= Plays International & Europe =

British theatre magazine

Plays International & Europe is a British online theatre magazine carrying reviews, interviews and features with photographs on theatre in London and the UK as well as internationally, with an emphasis on other European countries and the United States. The online Plays International & Europe succeeds the paper magazine version as of January 2022. It is edited by Jeremy Malies based in the UK.

== History ==
The origins of Plays International & Europe go back to the monthly magazine Plays and Players first published in 1953 as part of the Hansom Books Seven Arts Group of magazines, providing regular reviews of theatrical events in Great Britain. The editor of Plays and Players for many years between 1963 and 1975, Peter Roberts, in 1984 became editor of a magazine modeled on the same format called Plays International, which continued the tradition of publishing theatre reviews alongside photographic illustrations of the shows and actors involved.

In 2016 the magazine, then in its 31st volume, was taken over by the Theater Research Institute of Europe, based in Luxembourg. Its title was amended to Plays International & Europe, retaining the same ISSN number, and it changed from monthly/bi-monthly to quarterly publication. Dr Dana Rufolo, a Luxembourgish-American author and contributor to the magazine, took over the position as editor-in-chief and sought to make the magazine more critical in outlook and politically engaged. She continued to write as a theatre critic for the magazine as well and reported on theatre festivals in Europe, such as the International Meetings of the Theatre in Cluj (Cluj Theatre Festival 2018-2023) or the Festival de Almada in Portugal, for which she obtained the Prémio Carlos Porto-Imprensa Especializada for reporting on the Festival of Almada in October 2019.

In 2022 the magazine was relaunched as a purely digital edition with open access under the same website. Ownership and editorship of the online magazine passed into the hands of Jeremy Malies, a British theatre critic who had written for Plays International since its inception and who lives in the UK. In addition to being a reviewer, Malies had been a desk editor working closely with Rufolo and her team when the magazine was owned by TRIE asbl. Most of the critics already engaged with writing for Plays International & Europe have continued to write for Malies' online magazine. Critics writing reviews for the magazine include academics, authors, and contributors to British and international media. Malies has conducted many interviews with notable directors for the magazine. These include the late Sir Michael Boyd, David Lan, Barrie Rutter, Rupert Goold and Phyllida Lloyd. He covers the Edinburgh Festival Fringe and Edinburgh International Festival every year as well as festivals in Brighton.

== Publications ==

Plays International & Europe is quoted in academic and general theatre anthologies, such as Rewriting the Nation: British Theatre Today by Aleks Sierz, and A Director’s Theatre, by Robert Cohen.
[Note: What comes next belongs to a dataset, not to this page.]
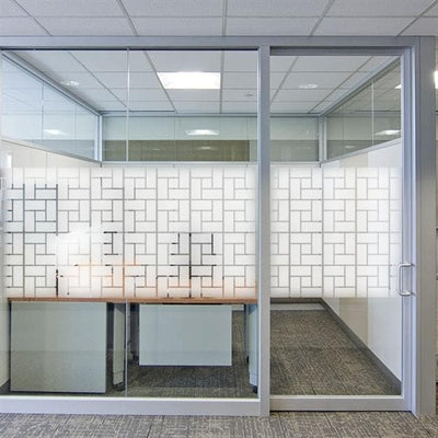 Kontor med glasvægge og sandblæst film i vandrette striber, der giver privatliv og lysgennemgang.

An editorial discussing the consequences of the 2020 pandemic for the theatre world was translated for a Romanian theatre magazine, and the issues raised by the pandemic as reflected in the Autumn 2020 issue of Plays International & Europe were reviewed in a specialized article.

There are numerous references to the antecedent magazine Plays and Players in the books The Best of Plays and Players 1953-1968, and The Best of Plays and Players 1969-1983, both edited by Peter Roberts. It is also referenced in other anthologies, such as Modern British Playwriting: the 60s: Voices, Documents, New Interpretations by Steve Nicholson.